To date more than 91 individuals with molecularly confirmed G6PC3 deficiency have been reported [Alangari et al 2013, Banka & Newman 2013, Estévez et al 2013, Racek et al 2013, Desplantes et al 2014, Kaya et al 2014, Notarangelo et al 2014, Ozgül et al 2014, Tavil et al 2014, Yeshayahu et al 2014, Arikoglu et al 2015, Lebel et al 2015].

6.

Gene-targeted deletion/duplication analysis detects intragenic deletions or duplications. Methods used may include quantitative PCR, long-range PCR, multiplex ligation-dependent probe amplification (MLPA), and a gene-targeted microarray designed to detect single-exon deletions or duplications.

Clinical Characteristics

Clinical Description

G6PC3 deficiency is highly variable in its severity and associated clinical features. Individuals with "nonsyndromic" disease have only severe congenital neutropenia. The majority of persons with G6PC3 deficiency have cardiovascular and/or urogenital features (so-called classic G6PC3 deficiency). Of those with classic disease, a subset is more severely affected (so-called Dursun syndrome), because of the additional involvement of myeloid cells, primary pulmonary hypertension developing in the newborn period, and minor dysmorphic features.

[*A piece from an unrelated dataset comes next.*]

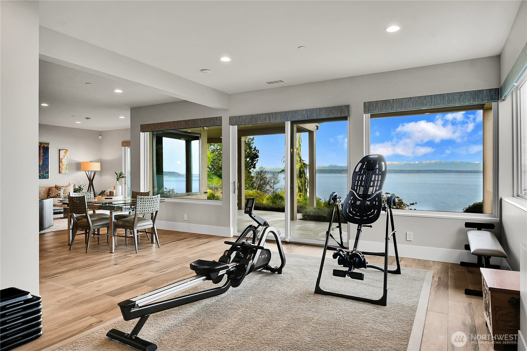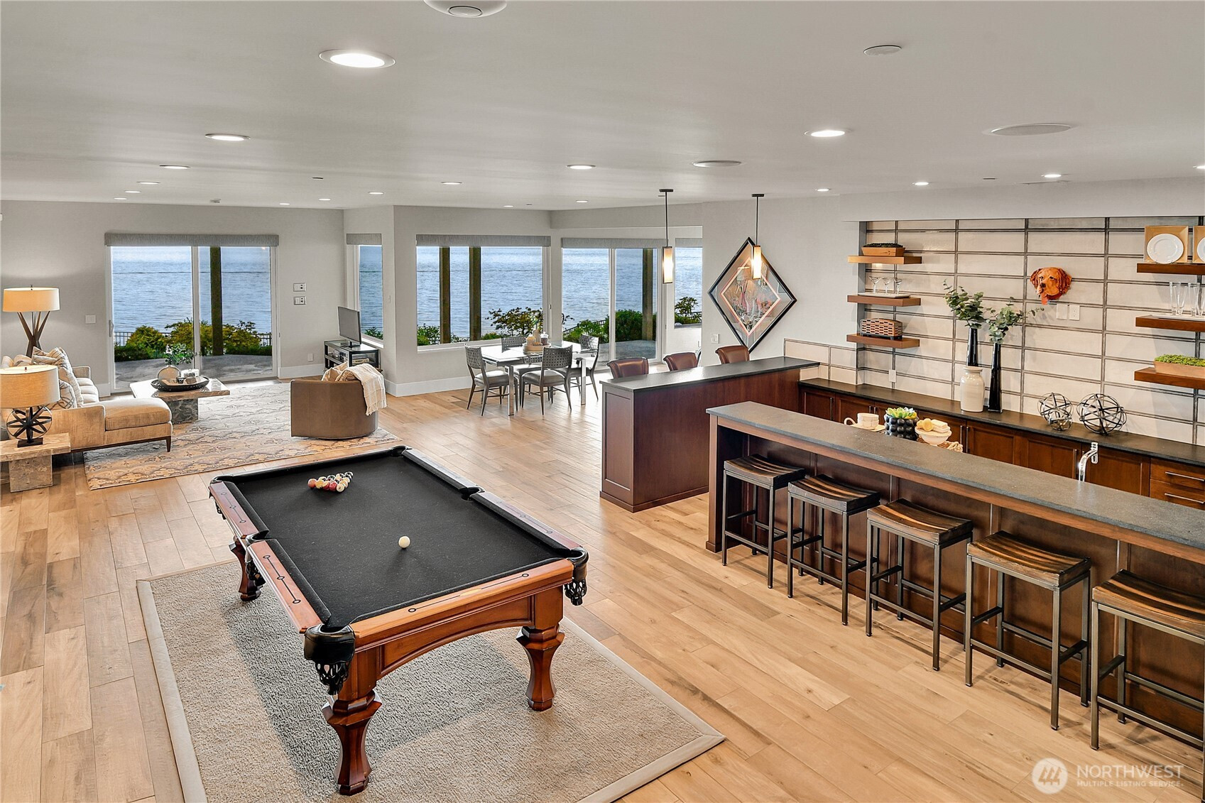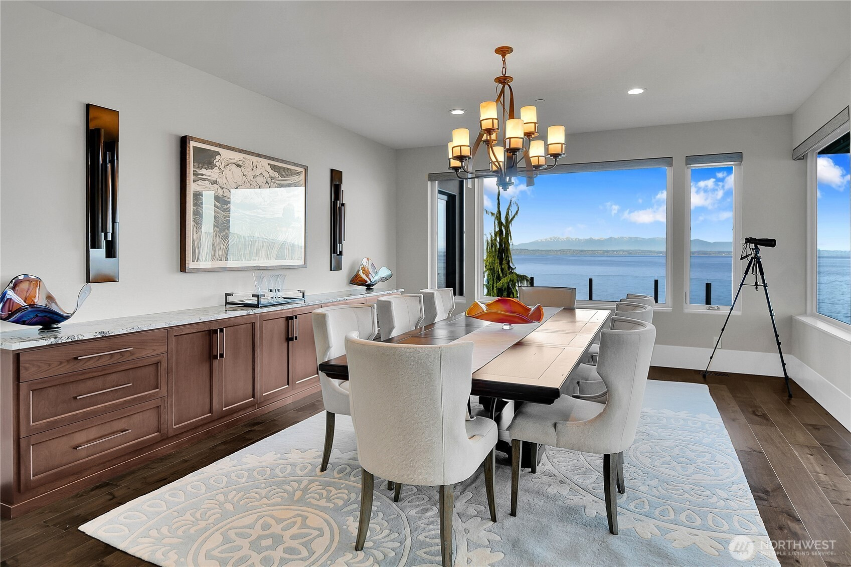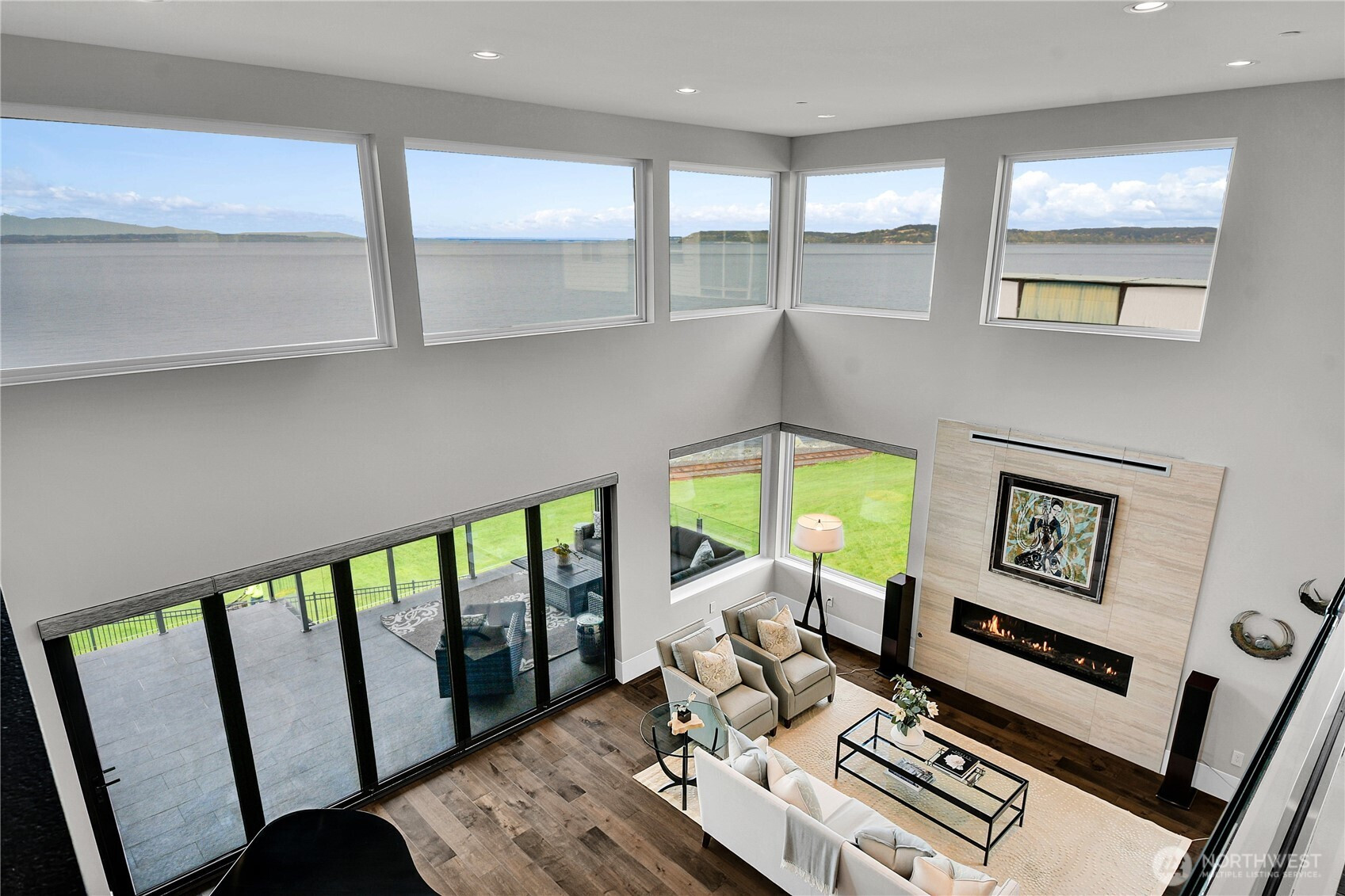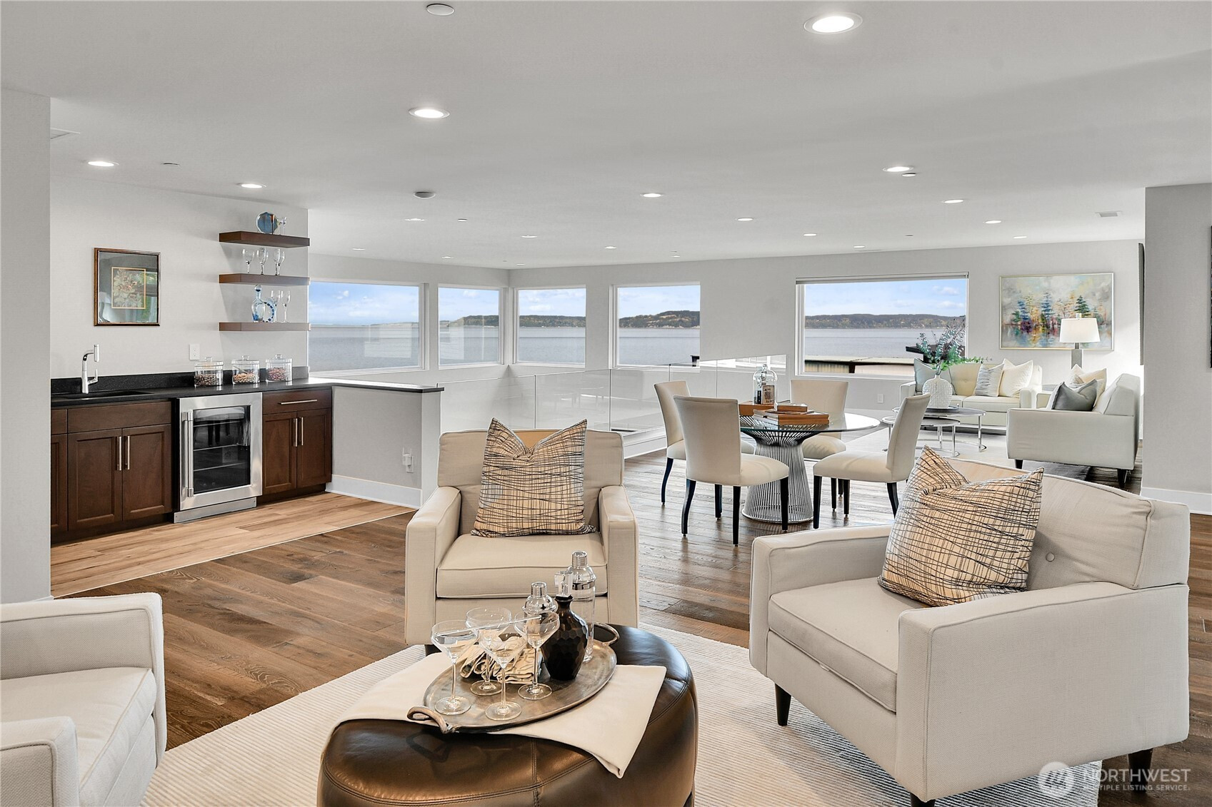 Set behind gates along the shores of Puget Sound, this architecturally refined waterfront estate delivers a front row seat to one of the Pacific Northwest’s most captivating panoramas—Olympic Mountain sunsets, island silhouettes, passing vessels, and the rhythmic presence of marine life below. Custom built in 2018, the 8,100+ sq ft residence is a study in precision and restraint, where curated materials, bespoke millwork, and designer lighting create a timeless yet contemporary aesthetic. Expansive walls of glass dissolve the boundary between indoors and out, framing the scenery as living art. The home balances grand scale with refined livability, every space is designed to impress—yet feels effortlessly inviting. Five sumptuous bedrooms, (primary on each floor) 4.5 spa inspired baths, epicurean kitchen, an entertainers dream of grand scale spaces flooded with Western light, media room, flex space for music/game/Zoom, wine cellar, workout space, personal sauna, two laundry rooms, a gated motor court, and four car garage complete this rare offering—an exceptional expression of luxury waterfront living in one of Edmonds’ most coveted enclaves known as Meadowdale Beach.

While it is estimated that nearly 10% of G6CP3 deficiency is the nonsyndromic form, this could be an underestimate due to ascertainment bias (i.e., selection of more severe phenotypes for testing of G6PC3 in previous studies) [Banka & Newman 2013]. It is also possible that some patients who initially present with the nonsyndromic form may develop features of the classic form in later life [Notarangelo et al 2014].

G6PC3 deficiency usually presents in the first few months of life with recurrent bacterial infections. A range of bacterial infections have been reported [Desplantes et al 2014]; respiratory tract infections, otitis media, stomatitis, urinary tract infections, pyelonephritis, skin abscesses, cellulitis, and sepsis are particularly common. The first serious infection can occur at any age, ranging from immediately after birth to adulthood.

Hematologic. Persistent severe neutropenia is present in all affected individuals and is the core phenotype of the condition.

Intermittent thrombocytopenia is seen frequently but usually does not cause symptoms.

Lymphopenia associated with hypoplasia of the thymus can be seen in more severely affected individuals [Dursun et al 2009, Banka et al 2010, Ozgül et al 2014].

Cardiovascular. Congenital heart defects are common. In their recent review, Banka & Newman [2013] found that 44 (77%) of 57 of individuals with G6PC3 deficiency described in the literature had congenital cardiac defects. By far the most common anomaly was atrial septal defect. Other rare heart anomalies include patent foramen ovale; cor triatriatum; patent ductus arteriosus; critical pulmonary stenosis and hypoplastic left ventricle; mitral valve prolapse, insufficiency, and/ or regurgitation; tricuspid insufficiency; and bicuspid aortic and pulmonary valves.

A prominent superficial venous pattern begins to emerge between late infancy and early childhood in most affected children [Banka et al 2011a]. This pattern can be seen on the trunk, extremities, and sometimes on the head. Experience with adults is limited but older patients have a tendency to develop varicose veins and venous ulcers.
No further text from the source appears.